Table II. Association of CA frequencies (ACs, CAtot, CTAs, CSAs) and TL with the risk of particular types of studied cancers [data were modified according to Vodenkova et al 2015 (12)].

Table II.

Association of CA frequencies (ACs, CAtot, CTAs, CSAs) and TL with the risk of particular types of studied cancers [data were modified according to Vodenkova et al 2015 (12)].

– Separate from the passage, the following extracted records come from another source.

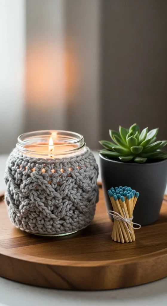 A crochet candle sleeve turns a plain jar candle into a decor piece that looks intentional on a shelf or tray. Crochet a snug wrap that sits below the rim and keep the stitches even so it looks clean from every angle. Neutral colors work in any room, but a muted seasonal shade like rust or deep green can look great for fall and winter. Budget tip: buy budget candles or reuse empty jars and add the crochet sleeve as the “new” part. Place the candle on a small tray with one other item, like a tiny vase or coaster, so it looks like a styled set. This is also a great gift idea because you can finish it quickly and it looks special without being expensive. Small wraps make everyday items look designed.
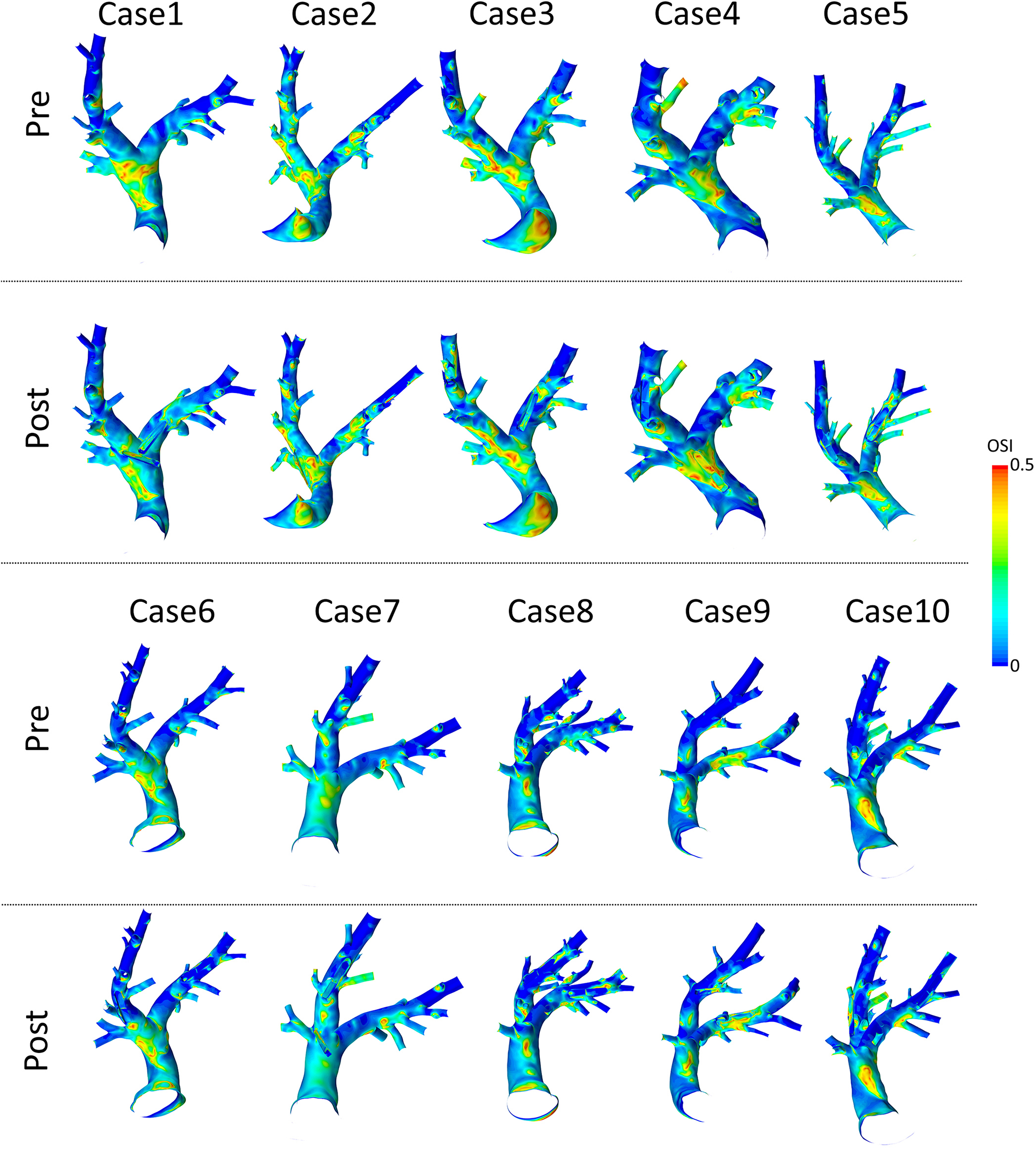 Spatial distributions of oscillatory shear index (OSI) values before (pre) and after (post) virtual device implantation.
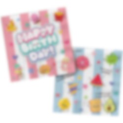 20 Servietten mit niedlichem Kawaii-Motiv, die die Tischdekoration für den Kindergeburtstag besonders farbenfroh und verspielt gestalten. Die Servietten sind mit süßen Illustrationen von Früchten, Snacks und Leckereien verziert, sowie dem Schriftzug „Happy Birthday“, was perfekt zu einer Feier im Kawaii-Thema passt.
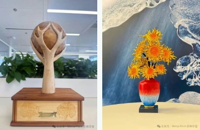 芬林芬宝与太阳纸业迎来合作 20 周年,在庆祝仪式上,双方互赠象征深厚情谊的纪念礼:芬林芬宝献上芬兰匠人手工木雕,森林托起由 20 层木块叠成的“太阳”,寓意二十年携手同行;太阳纸业回赠非遗铜艺作品向日葵,象征生命力量,也是“向阳而生”的美好祝福。
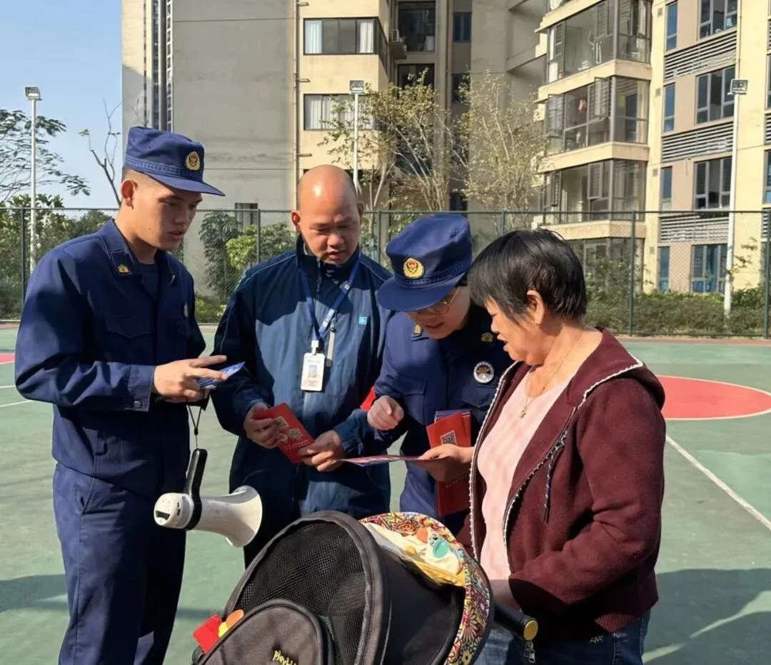 在碧桂园滨海城小区,楼栋长与消防宣讲员巡楼时,发现楼道堆满纸箱堵塞消防通道,立即上门耐心劝导业主:“这些杂物是火灾隐患,一旦起火,会堵住逃生路,请尽快清理。”同时,他还向业主宣讲电气防火、易燃物管理及逃生知识。
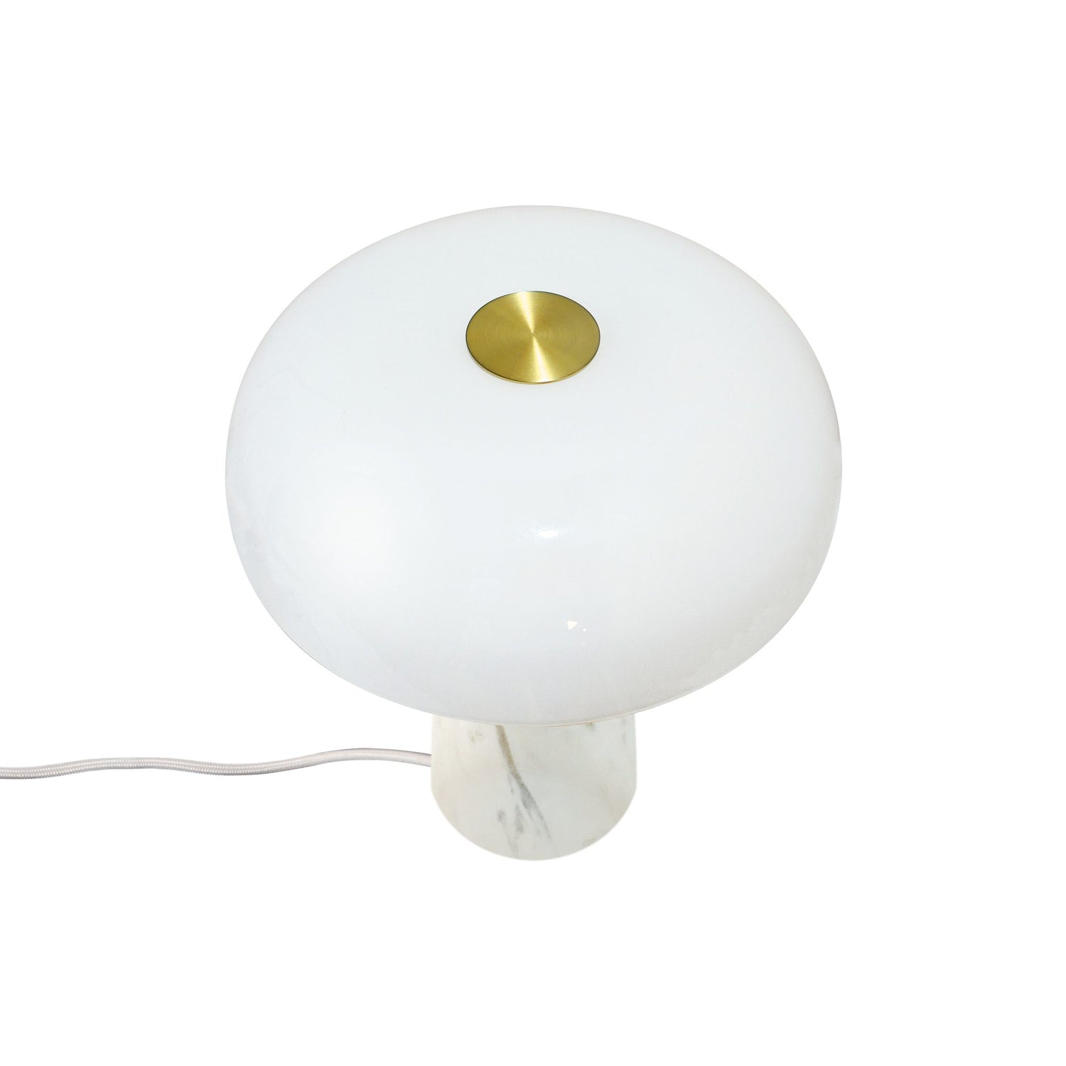 Glossy är sinnebilden av smakfull och sofistikerad design. Designern Maria Berntsen har här skapat en ”miniversion” av den klassiska bordslampan, som utstrålar nordisk minimalism och där kombinationen av de exklusiva materialen marmor, mässing och opalvitt glas gör lampan otroligt elegant. Glossy är uppkallad efter skärmens blanka yta i opalvitt glas som låter ett mjukt och behagligt ljus lysa igenom.Marmor är ett unikt naturmaterial och därför kan linjer, färger och mönster variera från lampa till lampa. Detta är en del av charmen med att arbeta med naturmaterial.
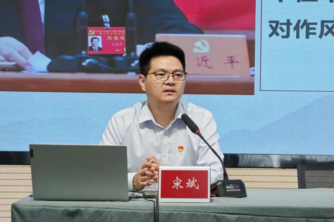 首先,市委党校马克思主义学院副教授、法学博士宋斌作了题为《深入学习习近平总书记关于作风建设重要论述,贯彻落实中央八项规定精神》的专题学习辅导报告。报告从深刻认识加强作风建设的重大意义、准确把握加强作风建设的基本要求、增强持续推进作风建设的高度自觉三个层面,阐释了加强党的作风建设“是什么、为什么、怎么办”问题,深入阐述了贯彻落实中央八项规定精神的重要性、必要性及方法论。宋斌认为,加强党的作风建设是推进党的自我革命、永葆党的生机活力的必然要求,关乎人心向背与党的生死存亡。报告以“学习新思想,奋进新征程”收尾,勉励党员牢记“空谈误国、实干兴邦”,坚定信心、同心同德,埋头苦干、奋勇前进 。
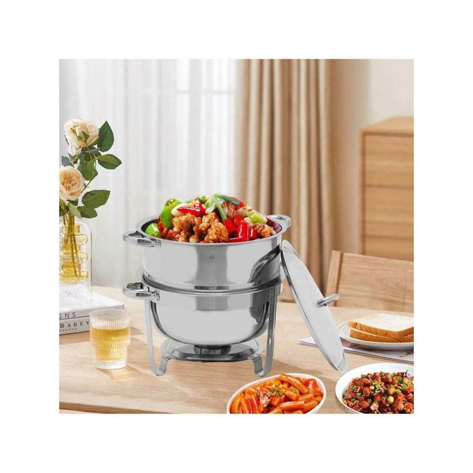 2-Layer Round Stainless Steel Chafing Dish 13.5L Soup Pot Food Warmer 14.2 Qt Full-Size Serving Trays Hot Pot Serving

	Breast cancer (N=151)			Colorectal cancer (N=96)			Lung cancer (N=90)
	aOR	95% CI	P-value	aOR	95% CI	P-value	aOR	95% CI	P-value
ACs	4.81	2.84–8.12	<0.0001a	1.19	0.71–1.98	0.52	3.82	2.27–6.42	<0.0001a
Age (years)	0.99	0.97–1.01	0.27	1.04	1.02–1.06	<0.0001	1.06	1.04–1.08	<0.0001
Sex (0 for females)	–	–	–	1.85	1.10–3.10	0.02	3.18	1.72–5.90	0.0002
CAtot	4.49	2.69–7.50	<0.0001a	1.04	0.63–1.73	0.87	3.44	2.05–5.77	<0.0001a
Age (years)	0.99	0.97–1.01	0.18	1.04	1.02–1.06	<0.0001	1.06	1.04–1.08	<0.0001
Sex (0 for females)	–	–	–	1.87	1.11–3.13	0.02	3.32	1.79–6.15	0.0001
CTAs	2.43	1.49–3.97	0.0004a	1.56	0.96–2.53	0.07	3.30	1.97–5.52	<0.0001a
Age (years)	0.99	0.98–1.01	0.49	1.04	1.02–1.06	<0.0001	1.06	1.04–1.08	<0.0001
Sex (0 for females)	–	–	–	1.84	1.10–3.09	0.02	3.40	1.84–6.29	<0.0001
CSAs	2.31	1.42–3.77	0.0008a	0.92	0.57–1.47	0.73	1.75	1.03–2.96	0.04
Age (years)	0.99	0.97–1.00	0.13	1.04	1.02–1.06	<0.0001	1.06	1.04–1.08	<0.0001
Sex (0 for females)	–	–	–	1.87	1.12–3.13	0.02	3.70	2.02–6.76	<0.0001
TL	6.49	3.00–14.04	<0.0001a	0.76	0.39–1.48	0.42	0.89	0.36–2.21	0.80
Age (years)	1.02	1.00–1.05	0.09	1.03	1.00–1.05	0.04	1.05	1.02–1.08	0.003
Sex (0 for females)	–	–	–	1.66	0.91–3.01	0.10	4.94	1.97–12.39	0.0007

{ label (or @symbol) needed for fn[@id='tfn3-or-44-05-2219'] } The table summarizes the results obtained in the case-control study. aORs with 95% CIs for all studied types of CAs and TL for individual cancer types are expressed by Logistic regression analysis. The levels of ACs, CAtot, CTAs, and CSAs were evaluated using the standard cytogenetic method. TL was measured as relative telomere length, and its measurement was conducted using the monochrome multiplex polymerase chain reaction. Statistically significant values are in bold.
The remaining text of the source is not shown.